06 Sort BAM files using PICARD

Neranjan Perera edited this page Dec 6, 2018 · 4 revisions

Once the singletons removed the BAM files are sorted using PICARD tools. For GATK analysis the BAM files need to be correctly formatted as well.
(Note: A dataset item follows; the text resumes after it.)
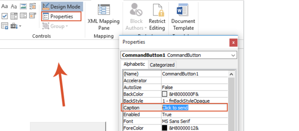 2。 选择按钮,然后单击属性在下面开发人员标签,在属性在窗格中,键入所需的标题文本标题字段,看截图:
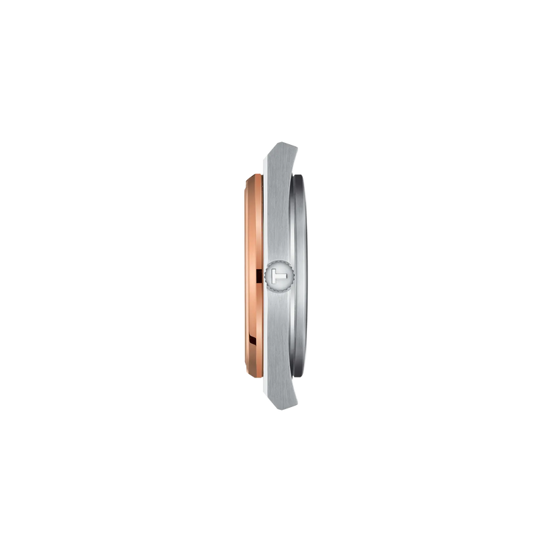 The Tissot PRX Powermatic 80 combines iconic 1978 PRX design with modern Swiss precision. Featuring a 40 mm rose gold PVD-coated 316L stainless steel case and a silver dial with Super-LumiNova® hands, it offers a perfect balance of style and function. The see-through caseback reveals the Swiss automatic movement with Nivachron balance spring and an impressive 80-hour power reserve. Scratch-resistant sapphire crystal with antireflective coating and a water resistance of 10 bar (100 m) make it as durable as it is elegant. The grey stainless steel bracelet with butterfly clasp and interchangeable quick-release system adds versatility for everyday wear.

The correct formatting includes:

  • It must be aligned
  • It must be sorted in coordinate order
  • It must list the read groups with sample names in the header
  • Every read must belong to a read group.
  • The BAM file must pass Picard ValidateSamFile validation

In order to pass the files into Picard for processing in this step we will sort the aligned reads in the coordinate order.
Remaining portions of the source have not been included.